A less aggressive stemming token filter that strips only plural

Sorostaran · March 4, 2011, 6:05pm

Does anybody have a token filter (a cut-down Porter stemmer or something) that only does plural stemming in English for ElasticSearch? That seems like a common need for which few databases have out-of-the-box solutions. Any chance of adding ispell as a token filter?

rmuir · March 4, 2011, 6:47pm

On Fri, Mar 4, 2011 at 1:05 PM, Sorostaran steven@datafeedfile.com wrote:

Does anybody have a token filter (a cut-down Porter stemmer or something)
that only does plural stemming in English for Elasticsearch? That seems like
a common need for which few databases have out-of-the-box solutions. Any
chance of adding ispell as a token filter?
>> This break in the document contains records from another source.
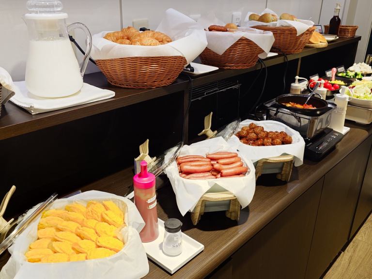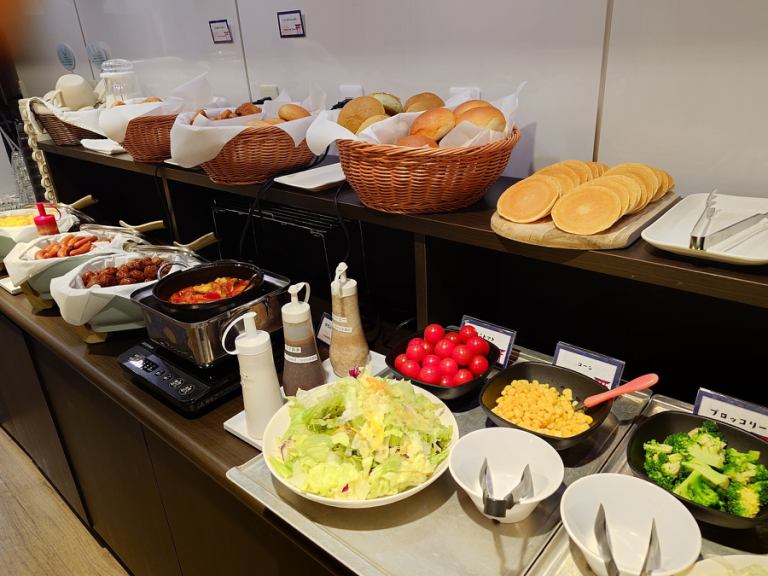 令人興奮的早餐選擇!麵包、熱菜和沙拉都可以!…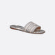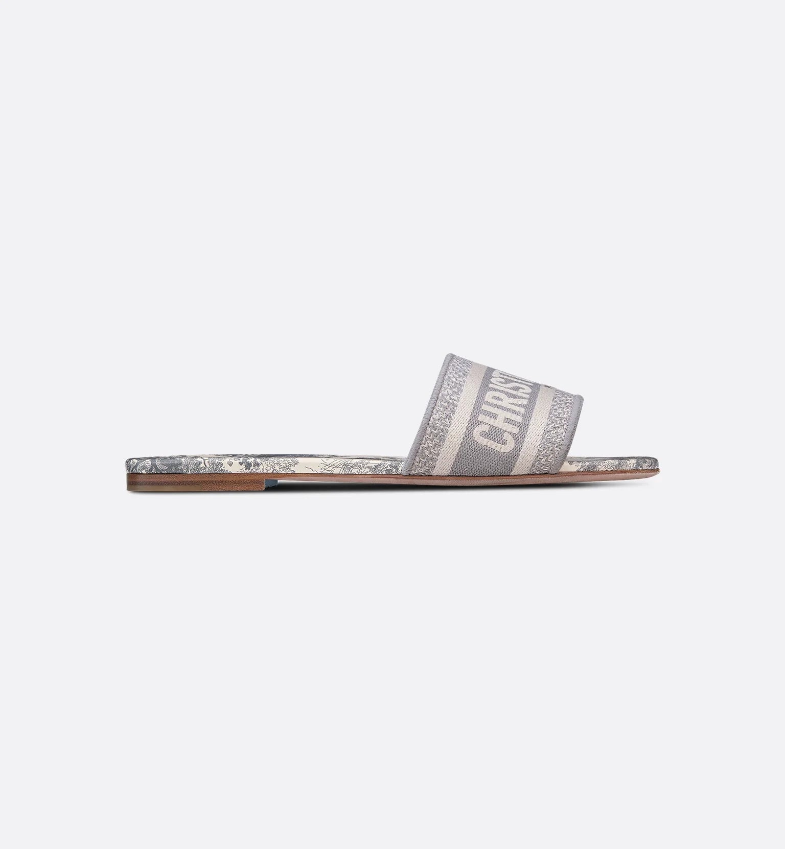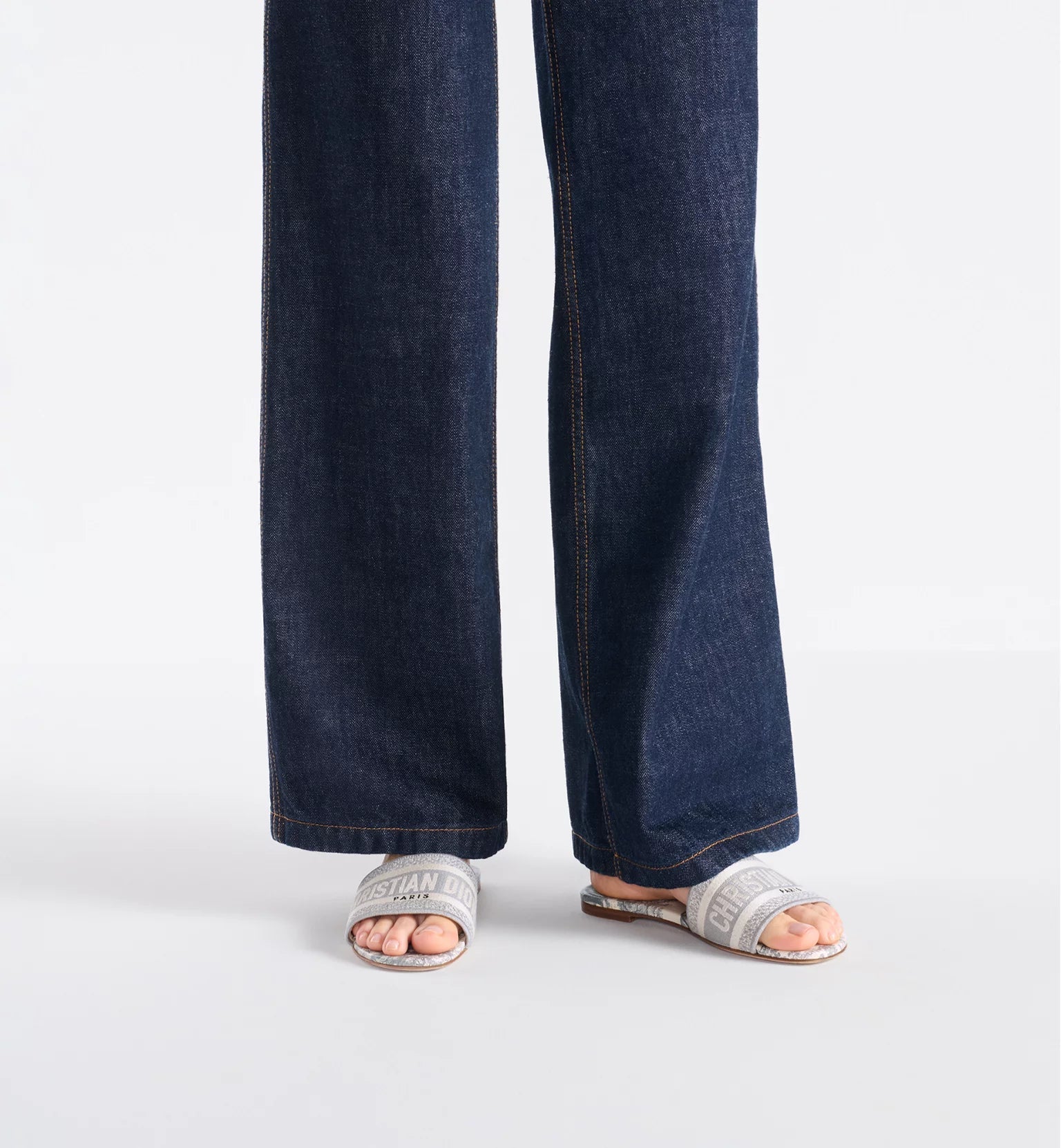 The Dway slide has a timeless and emblematic silhouette. The slide's natural raffia and deep blue cotton upper features an embroidered Christian Dior Paris signature for an unmistakable touch. The streamlined design slips on easily and offers effortless style.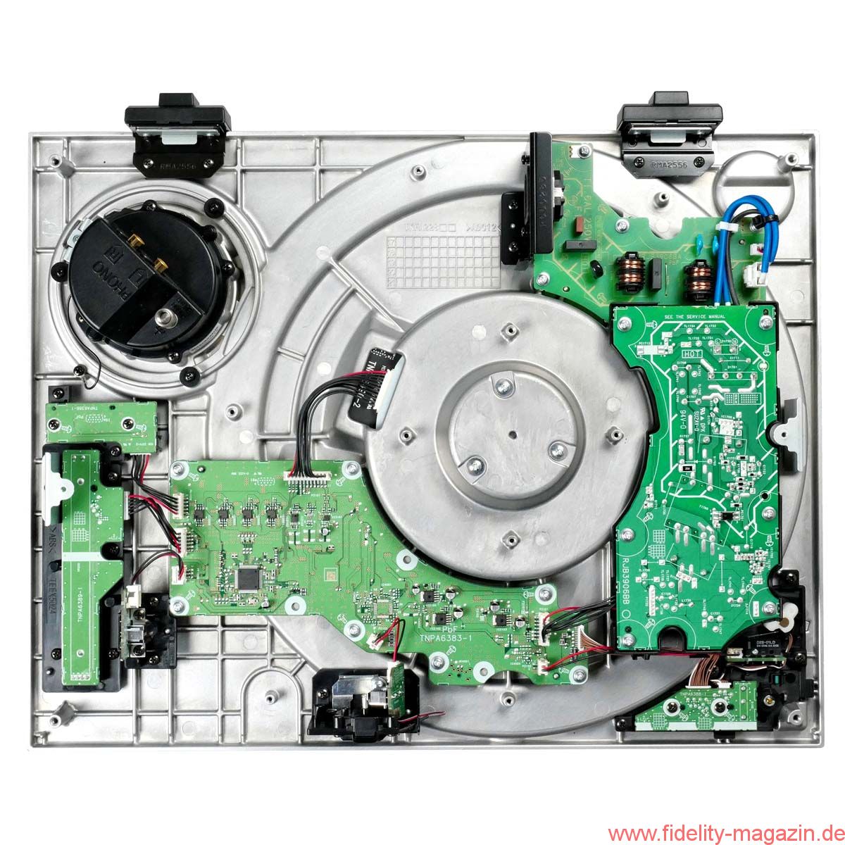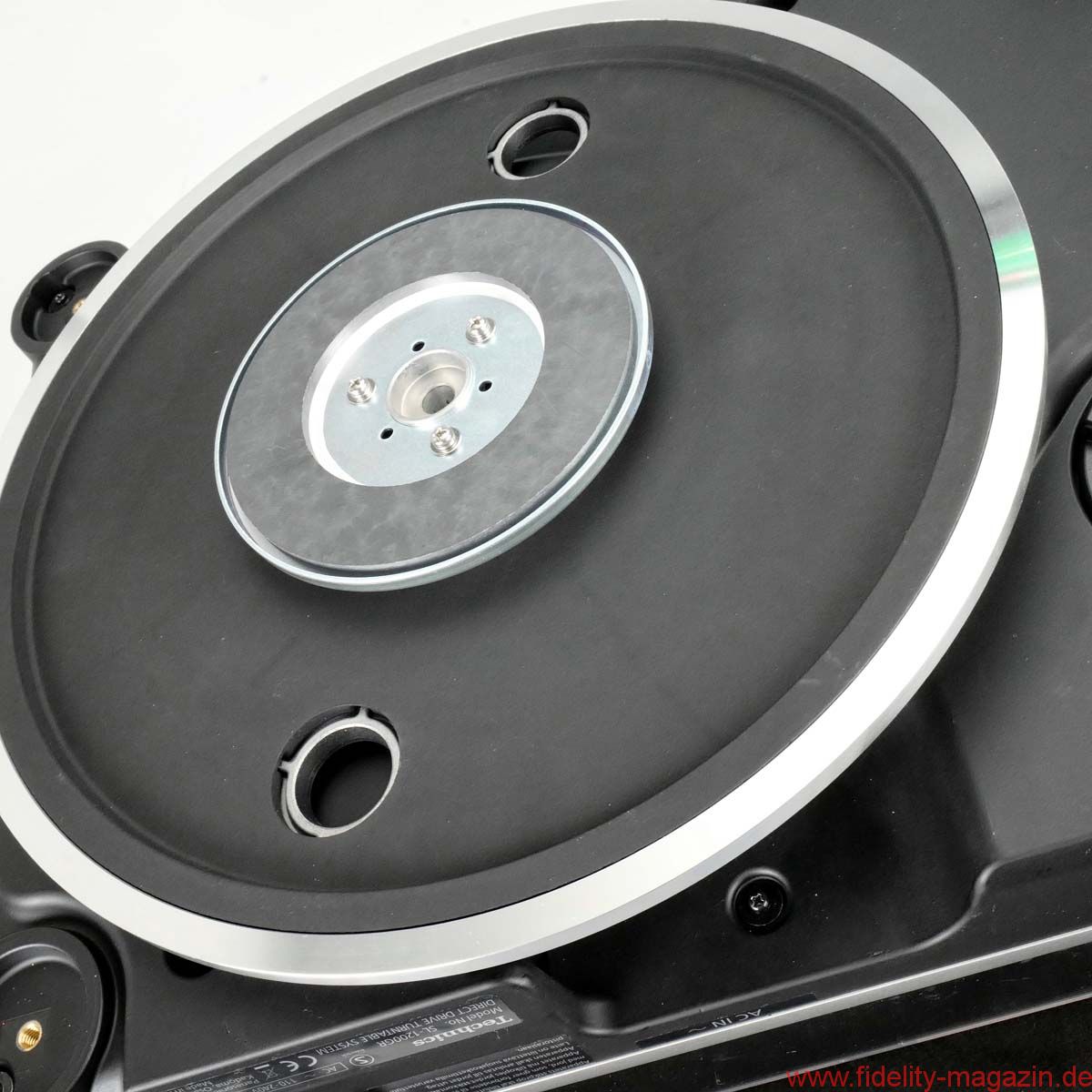 Das „GR“ im Namen des Technics-Plattenspielers dürfte wohl für „Grand Class Reduced“ stehen, denn der Nachzügler ist offensichtlich eine abgespeckte Version des G-Modells. Das lässt sich schon am Gewicht ausmachen: Der GR wiegt mit gut elf Kilogramm praktisch genauso viel wie sein Vorgänger, aber deutlich weniger als sein großer Bruder mit 18 Kilo. Der Großteil des Gewichtsverlusts ist auf die weniger massive Deckplatte, eine leichtere, aber ebenso wirksame innere Dämpfung des Gehäuses, den um ein Kilogramm leichteren Teller sowie den vereinfachten Antrieb zurückzuführen.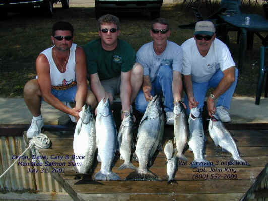7/31/01  The Cary, Dave, Buck and Bryon 3 day Fish-a-Thon ended today, and I'll be sorry to see this fine group of dedicated fishermen leave....FACT!  The team work, sharing and camaraderie displayed by "Team Smooth" is a seldom seen thing in today's world.  Now, here's something to pay attention too; they boated every fish and didn't miss one strike, reel incredible!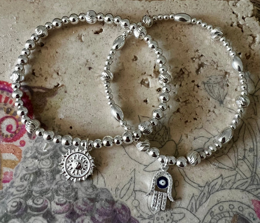 Sky blue Evil Eye and Enamel Mandala Anklet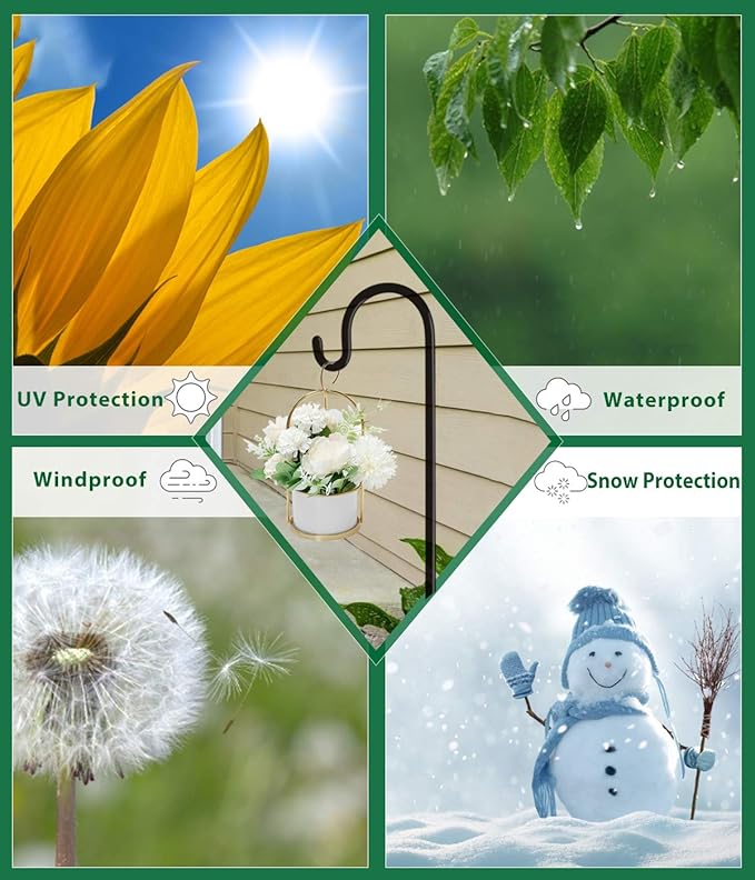 - ADJUSTABLE HEIGHT - The unique design of the bird feeder pole allows it to be freely adjustable to 44, 60 or 76 inches in height. Each shepherds hook includes 3 extenders with a length of 16 inches, it varies in height depending on how many extenders would be used. The maximum height of the plant hangers outdoor is 76in, which is very suitable for hanging bird feeder and squirrel baffle to keep squirrels or raccoons from eating.
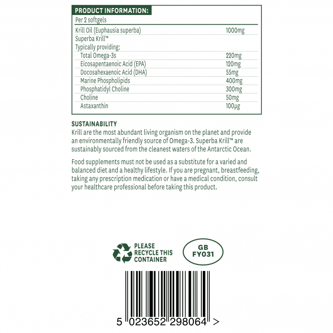 Natures Aid Antarktiszi krillolaj Superba Az Antarktiszi-óceán legtisztább vizeiből származó zooplanktonból vonják ki, és a Brit Fenntartható Tengeri Medence Fejlesztési Tanács tanúsította. Íztelen, szagtalan és könnyen lenyelhető lágyzselatin kapszulák. A krill olaj kiváló omega-3 zsírsavforrás, beleértve az EPA-t és a DHA-t. Jellemzője a magas foszfolipid-koncentráció, ami megkönnyíti a szervezet számára a felhasználását, kevesebb, mint a halolajban, mivel általában a halolajban található omega-3 zsírsavak trigliceridek formájában tárolódnak. A krill olaj foszfatidilkolint és asztaxantint tartalmaz. A foszfatidilkolin az emberi szervezet fő foszfolipidje, a sejtmembránok építőköve. Számos folyamatban vesz részt a szervezetben, például a zsírok májból a véráramba történő szállításában. Támogatja a máj állapotát és funkcióit. Az asztaxantin egy természetes karotinoid, amely egyedi szerkezetének köszönhetően széles körű antioxidáns előnyöket biztosít. Mivel az asztaxantin képes átjutni a vér-agy és a vér-retina gáton, hatékony antioxidáns védelmet nyújthat közvetlenül a szemnek, az agynak és az idegrendszernek. Az omega-3 zsírsavak gyulladáscsökkentő tulajdonságai védelmet nyújtanak a szív- és érrendszeri betegségek, a rák és a 2-es típusú cukorbetegség ellen. Javítják a vérkeringést a szervezetben, csökkentik a rossz koleszterinszintet és a vérnyomást, valamint támogatják az ízületek egészségét.

Hi, in the upcoming lucene 3.1 there will be a variety of plural-only
and lighter implementations for at least common european languages,
you can see those here:
http://svn.apache.org/repos/asf/lucene/dev/branches/branch_3x/lucene/contrib/analyzers/common/src/java/org/apache/lucene/analysis/

additionally there is the capability to override all stemmers
(including these plural-only and lighter ones) e.g. by specifying
exceptions (that should be mapped to some special form:
http://svn.apache.org/repos/asf/lucene/dev/branches/branch_3x/lucene/contrib/analyzers/common/src/java/org/apache/lucene/analysis/miscellaneous/StemmerOverrideFilter.java)
or words they should be ignored totally
[http://svn.apache.org/repos/asf/lucene/dev/branches/branch_3x/lucene/src/java/org/apache/lucene/analysis/KeywordMarkerFilter.java]

in my opinion this is the ideal way to go for many apps... start with
something very minimal like plural-only and add exceptions for stuff
that makes sense for your domain (e.g. "fatigues" is not the plural of
"fatigue" in english).

kimchy · March 5, 2011, 6:58am

Heya,

Thanks Robert!. Many of the specific language analyzers are already exposed in elasticsearch based on Lucene 3.0.3. Once 3.1 is released, all of these will be exposed as well.

-shay.banon
On Friday, March 4, 2011 at 8:47 PM, Robert Muir wrote:

On Fri, Mar 4, 2011 at 1:05 PM, Sorostaran steven@datafeedfile.com wrote:

Does anybody have a token filter (a cut-down Porter stemmer or something)
that only does plural stemming in English for Elasticsearch? That seems like
a common need for which few databases have out-of-the-box solutions. Any
chance of adding ispell as a token filter?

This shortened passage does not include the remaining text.